__Excerpts from a dataset__:
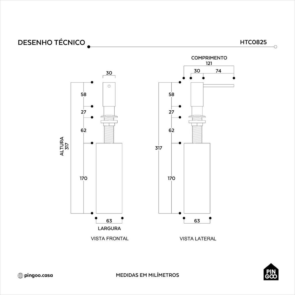 Dosador de Detergente Capiá 500ml Aço Inox 304 Pingoo.casa - Preto
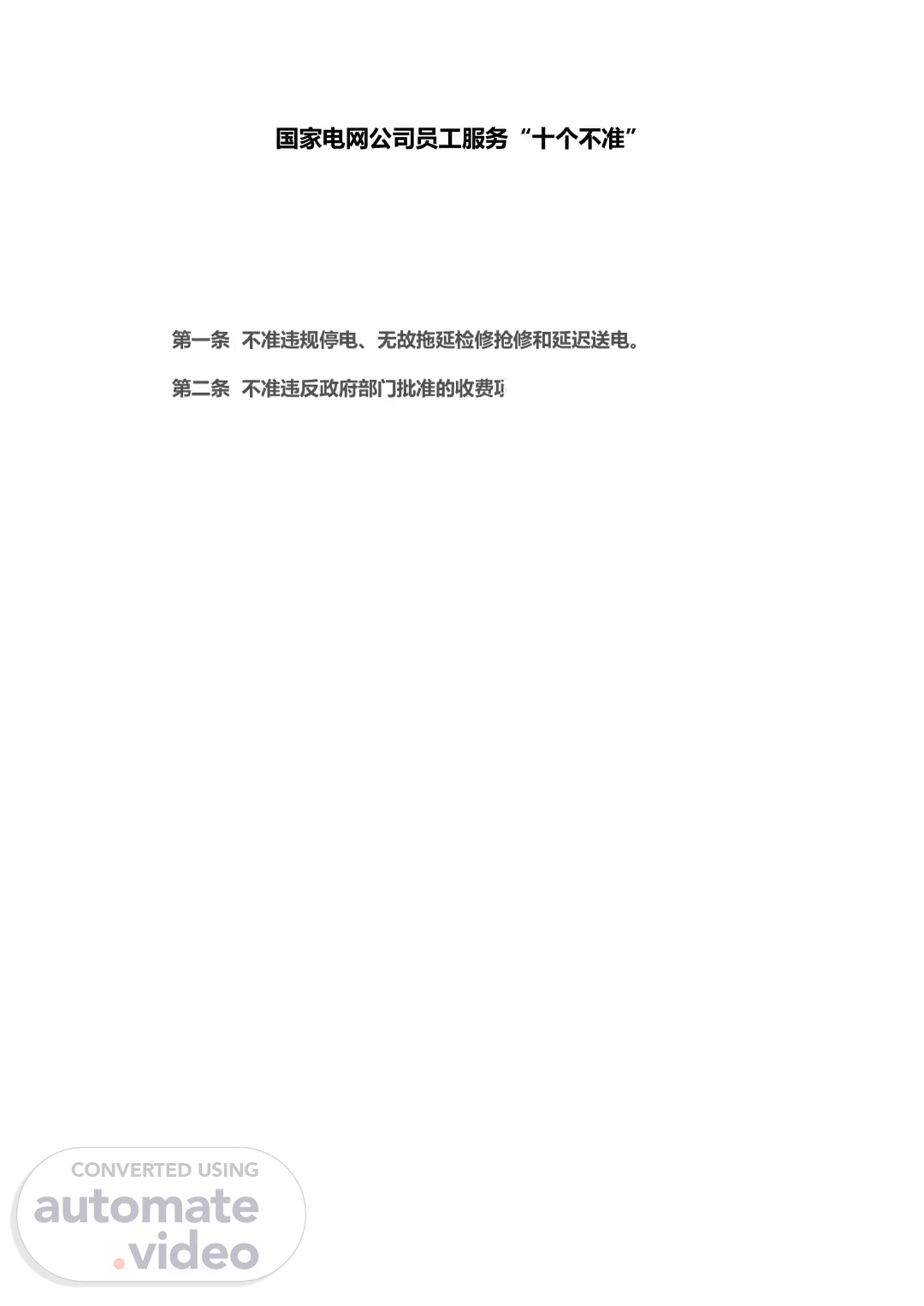 . . 国家电网公司员工服务“十个不准”. 第一条 不准违规停电、无故拖延检修抢修和延迟送电。. 第二条 不准违反政府部门批准的收费项目和标准向客户收费。.
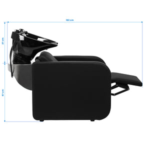The depth of the ceramic washbasin bowl in shades of black allows for comfortable and efficient performance of a wide range of hairdressing services, preventing excessive splashing of water and products used during the treatment. The material used makes the washbasin durable, resistant to discoloration and scratches, and very easy to keep clean. The appropriately profiled collar and inclined backrest provide support and comfort while washing hair, and thanks to the comfortable plastic overlay in shades of black, the client will not feel discomfort from the cold ceramic surface.
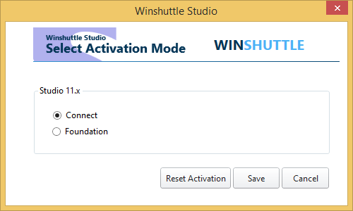 If Studio does not recognize the Connect password or the Foundation website address and you are unable to log on, you can click Reset Activation, and it will prompt you to select the mode from Studio and provide a different password or a new website address.
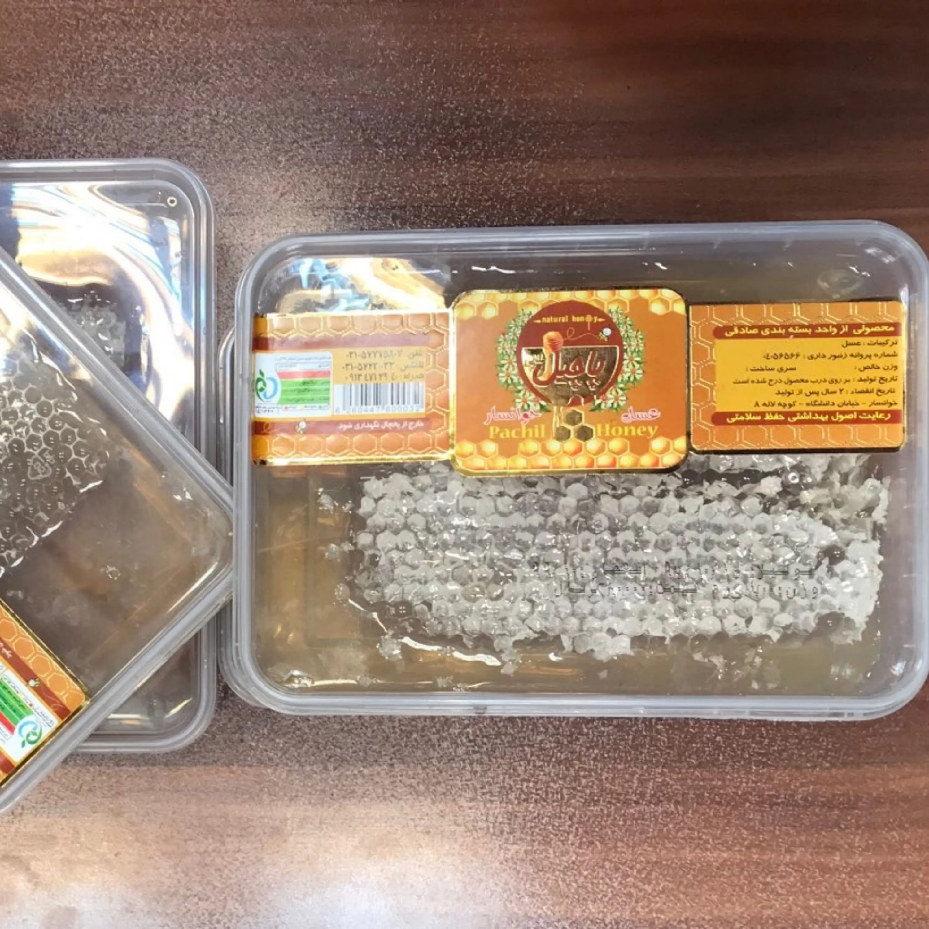 عسل پاچیل طلایی 700 گرمی مومدار 40گیاه برداشت تازه

__WHAT IS NEEDED__:
All lines from the one holding "If Studio does" through the last line of the records need to be copied exactly, both ends included, and the pictures left behind.

__RESULT FOR THIS EXERCISE__:
 If Studio does not recognize the Connect password or the Foundation website address and you are unable to log on, you can click Reset Activation, and it will prompt you to select the mode from Studio and provide a different password or a new website address.
 عسل پاچیل طلایی 700 گرمی مومدار 40گیاه برداشت تازه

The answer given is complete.